D22 - Protein-lipid Interaction

COST Action D22 was conceived with the aim of increasing the knowledge of protein-lipid interactions on molecular level and time scales, based on an interdisciplinary approach by chemists, physicists and biologists. This COST Action has allowed the collaboration between 36 research groups from 18 different countries.

Protein-lipid interactions are essential features of biological membranes, nevertheless many questions related to the chemistry and physics of lipids and proteins are still not understood nowadays. The lack of proper understanding of molecular mechanisms important for the functioning of biological membranes also hinders practical industrial applications. The scientific goals of Action D22 can be summarised as follows: integration of chemical and physical knowledge of biological membranes and protein-lipid systems; better understanding of molecular processes and time scales important for the functioning of biological membranes, with emphasis on structural aspects of lipids and proteins, protein association and membrane domain formation using different membrane model systems; and reinforcement of research efforts by links between academic institutions and industries.

Molecular simulation has developed substantially over the time-frame of Action D22. Initially considered a rather inexact and unreliable approach, the sophistication of the methodology has improved significantly to the point that such studies suggest interesting structure/function relationships and mechanisms of action which are a great stimulus to experimentation. The Action has attracted physicists as well as theoretical chemists and computational biologists, making for interesting diversified views on essentially the same system. D22 has also incorporated bioinformatics and it has been from this that the most significant “tour-de-force” has come with the identification of the cellular locations of the C-terminal regions of almost all membrane proteins encoded by the genomes of Escherichia coli and Saccharomyces cerevisiae. Considerable progress was also made through simulations of the mechanisms of insertion of peptides and proteins into the lipid bilayer, and their interactions with and effects on lipid behaviour.

Action D22 has undertaken as well the characterisation of raft-like domains in model membranes by fluorescence microscopy and spectroscopy allowing the construction of phase diagrams and the characterisation of the dynamics of raft-like domains.
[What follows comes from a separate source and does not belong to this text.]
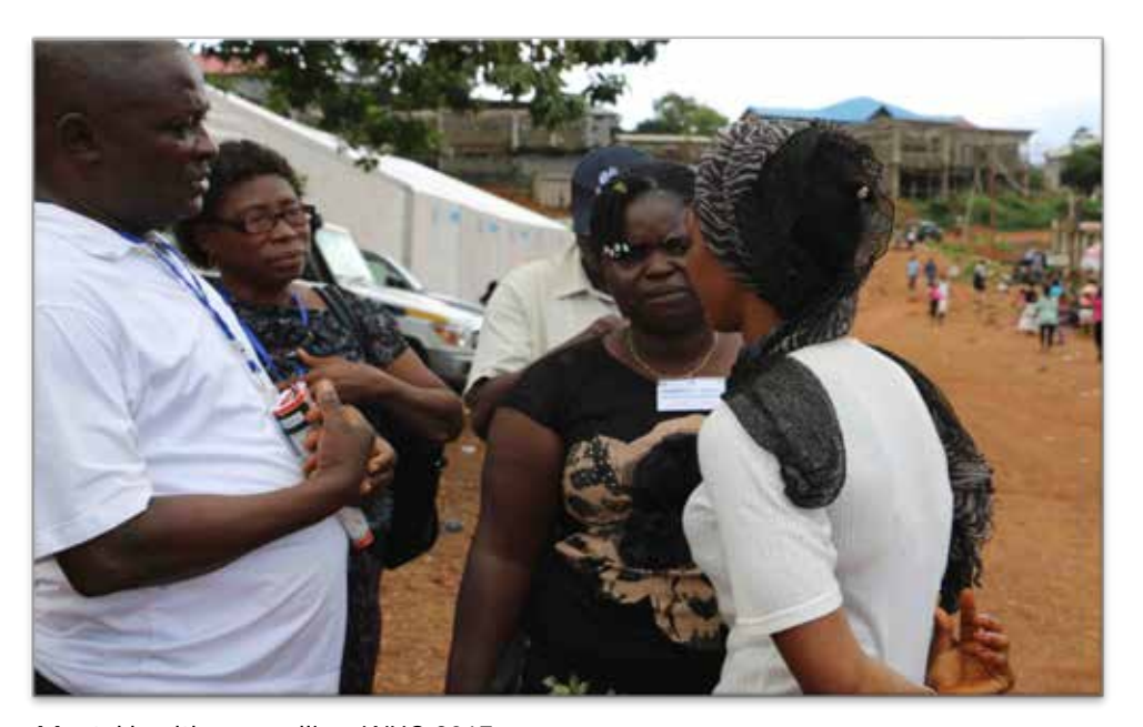
Mental health counselling. WHO 2017

WHO is supporting Mental Health Nurses in all affected areas providing psychosocial first aid to affected people. Trauma and grief are commonly reported among affected populations. Referrals are being provided for more complex cases and WHO is also advising on medicines provision and availability. To date, nearly 1000 people have been reached through this psychosocial support which is also supported by the Red Cross and CARE (In Kaningo).

Using EPR, the first direct demonstration of liquid-ordered/liquid-disordered phase coexistence in a binary mixture was demonstrated. NMR, calorimetry and EPR studies gave new insights into the interactions between raft components, such as the effect of cholesterol on the lateral diffusion of lipids and the specificity of the interactions between sphingolipids and cholesterol.

Methodology has also been developed for the use of time released FRET for lipid domain size, for the preparation of giant unilamellar vesicles from native membranes and for reconstituting integral membrane proteins into these vesicles. By employing single molecule microscopy, movement, cluster formation and co-localization of molecules was investigated and a novel single molecule technology was established for measuring the composition of individual lipid rafts in intact cells.